- Born: Lagos
- Education: University of Lagos
- Spouse: Megan So-Young Lim
- Scientific career
- Fields: Pathology
- Workplaces: Memorial Sloan Kettering Cancer Center University of Michigan Brown University University of Utah

= Kojo Seys John Elenitoba-Johnson =

American pathologist

Kojo Seys John Elenitoba-Johnson is a Nigerian-American pathologist who works at the Memorial Sloan Kettering Cancer Center. His research considers the role of genomic alteration in the pathogenesis of lymphoma. He was elected to the National Academy of Medicine in 2023, and awarded the William L. Gerald Award in 2019.

== Early life and education ==
Elenitoba-Johnson was born in Lagos. He became interested in science as a child, and was particularly excited by human biology. He eventually studied medicine in Nigeria, where he discovered the science of pathology.

After earning his medical degree, he moved to Brown University. At the time, researchers were starting to understand immunology and molecular pathology. There was increased awareness that cancer was a genetic disorder. He was one of the first physicians to be certified in molecular pathology by the American Board of Pathology. He was awarded the American Society for Investigative Pathology Emerging Investigator Award in 2012, which allowed him to focus on translation pathology.

== Research and career ==
Elenitoba-Johnson has held positions at the University of Utah, University of Michigan and University of Pennsylvania. He joined the Memorial Sloan Kettering Cancer Center in 2022. He investigates hematolymphoid neoplasms, using whole genome sequencing and mass spectrometry to explore how structural alterations impact disease progression.
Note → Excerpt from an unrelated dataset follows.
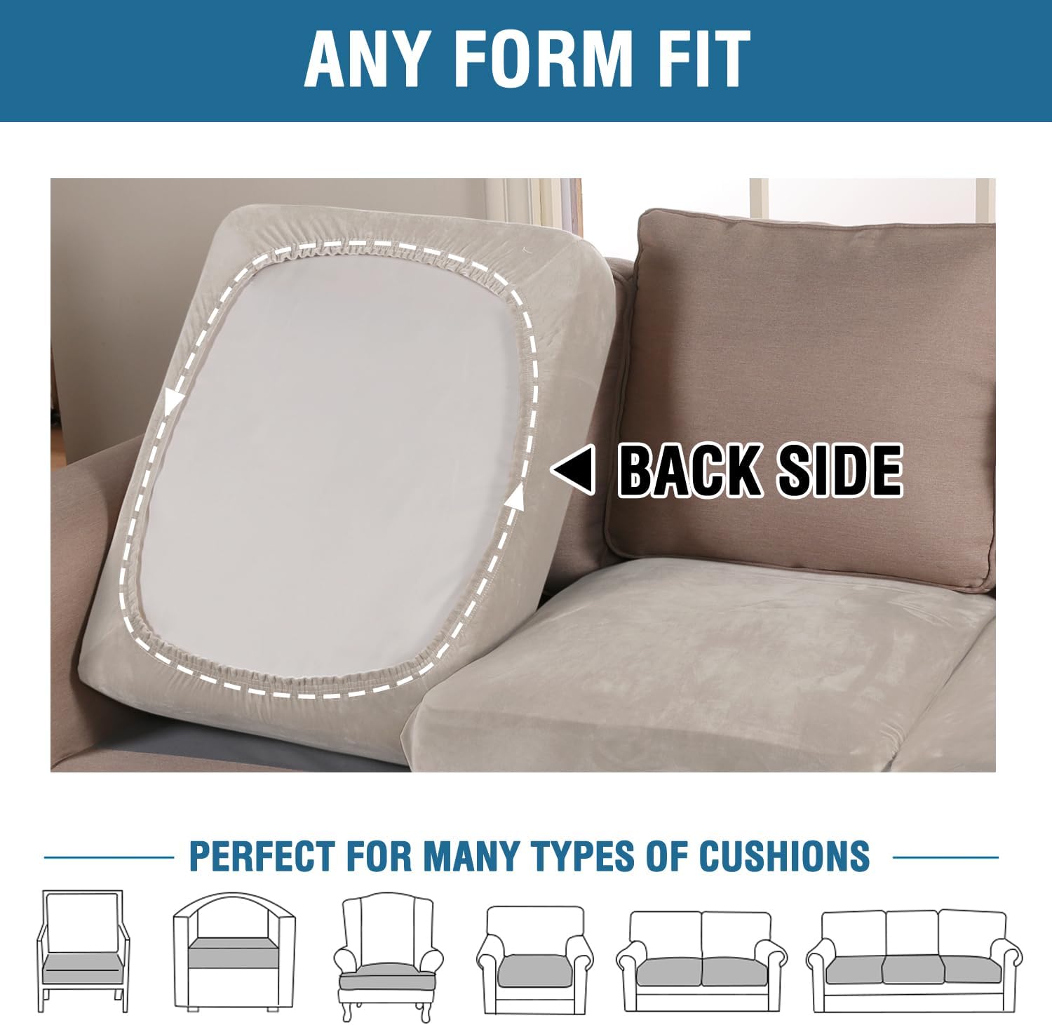 - ANY FORM FIT: Each cushion cover measures: 35-40" length, 21.6-30.5" width and 2-10" height. It's crafted from a unique extra stretchy fabric, perfect for regular square cushions, T-cushions and also L-cushions, used to cover not only the seat cushions of your sofa, but also the back cushions as long as they can be separated from the sofa
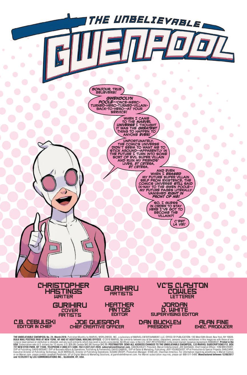 Gwenpool #24 is out on January 10th, priced $3.99.

By understanding the molecular events that underpin the pathogenesis of lymphoma, Elenitoba-Johnson hopes to identify new therapeutic targets for specific subtypes.

In 2019, Elenitoba-Johnson was awarded the William L. Gerald Award in recognition of his outstanding contributions to tumor pathology. In 2023, he was elected to the National Academy of Medicine.

== Personal life ==
Elenitoba-Johnson and his wife, hemopathologist Megan So-Young Lim, run a lab together at the Memorial Sloan Kettering Cancer Center.